Generating accurate descriptions of human actions in videos remains a challenging task for video captioning models. Existing approaches often struggle to capture fine-grained motion details, resulting in vague or semantically inconsistent captions. In this work, we introduce the Motion-Augmented Caption Model (M-ACM), a novel generative framework that enhances caption quality by incorporating motion-aware decoding. At its core, M-ACM leverages motion representations derived from human mesh recovery to explicitly highlight human body dynamics, thereby reducing hallucinations and improving both semantic fidelity and spatial alignment in the generated captions. To support research in this area, we present the Human Motion Insight (HMI) Dataset, comprising 115K video-description pairs focused on human movement, along with HMI-Bench, a dedicated benchmark for evaluating motion-focused video captioning. Experimental results demonstrate that M-ACM significantly outperforms previous methods in accurately describing complex human motions and subtle temporal variations, setting a new standard for motion-centric video captioning.

Paper Structure

This paper contains 30 sections, 13 equations, 5 figures, 5 tables.

Figures (5)

  • Figure 1: Overview of our proposed M-ACM (Motion-Augmented Caption Model) framework.
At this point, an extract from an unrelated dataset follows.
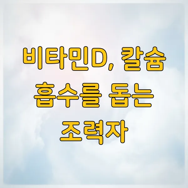 아무리 칼슘을 많이 섭취해도 비타민D 가 부족하면 우리 몸은 칼슘을 제대로 흡수하지 못한답니다. 비타민D는 칼슘과 인이 뼈에 잘 결합하도록 도와 뼈를 튼튼하게 만드는 필수적인 영양소예요.

The system processes input videos through dual pathways: a standard visual pathway (top) and a motion-specialized pathway (bottom). The visual pathway extracts general visual features via a frozen vision encoder, while the motion pathway uses ViTPose-based xu2022vitpose frame sampling and human mesh recovery to generate precise motion representations. Both representations are projected into a common embedding space through trainable projection alignment modules. Our key innovation, Motion Synergetic Decoding (MSD), addresses hallucination issues by comparing logit distributions from both pathways. As shown in the example, without MSD the model incorrectly identifies the basketball being handled with the "foot" (hallucination), whereas with MSD the model correctly identifies the "hand" as the body part manipulating the ball.
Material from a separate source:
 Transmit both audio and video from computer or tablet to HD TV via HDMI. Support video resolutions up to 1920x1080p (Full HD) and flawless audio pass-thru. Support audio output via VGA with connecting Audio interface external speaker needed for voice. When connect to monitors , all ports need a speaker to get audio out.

  • Figure 2: Performance comparison of different synergy components in our M-ACM framework. The blue bars represent accuracy scores (left y-axis), while the orange line tracks inference time in seconds (right y-axis).
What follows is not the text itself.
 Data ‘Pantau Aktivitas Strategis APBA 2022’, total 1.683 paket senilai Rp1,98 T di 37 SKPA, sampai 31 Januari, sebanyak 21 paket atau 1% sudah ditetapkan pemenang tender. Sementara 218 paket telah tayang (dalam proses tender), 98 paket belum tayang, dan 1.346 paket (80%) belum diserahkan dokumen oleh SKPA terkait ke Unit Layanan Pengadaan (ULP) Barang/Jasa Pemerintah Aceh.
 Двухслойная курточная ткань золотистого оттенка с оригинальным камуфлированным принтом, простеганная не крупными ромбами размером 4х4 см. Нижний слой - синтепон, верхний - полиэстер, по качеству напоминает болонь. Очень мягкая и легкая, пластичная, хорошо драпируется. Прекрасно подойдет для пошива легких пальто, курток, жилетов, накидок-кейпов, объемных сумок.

  • Figure 3: The composition of QA pairs in the HMI dataset. The outer circle represents five aspects, while the inner circle shows corresponding question types for each aspect.
  • Figure 4: The process of building the HMI dataset. Top: The video processing pipeline. Initially, the public video datasets are collected for scene segmentation and cleaning. Then, DWPose yang2023effective and movement criteria are used for filtering to obtain high-quality videos. Bottom: The video annotation pipeline. Video keyframes sampled by ViTPose xu2022vitpose and the original captions are utilized for video-text collaborative annotation with GPT-4o mini. Additionally, DeepSeek-R1-Distill-Qwen-7B guo2025deepseek generates question-answer pairs based on the annotated video captions.
  • Figure 5: Performance comparison of M-ACM against other models.The radar plots illustrate our model's superior performance across standard caption metrics (left) and human motion understanding dimensions (right).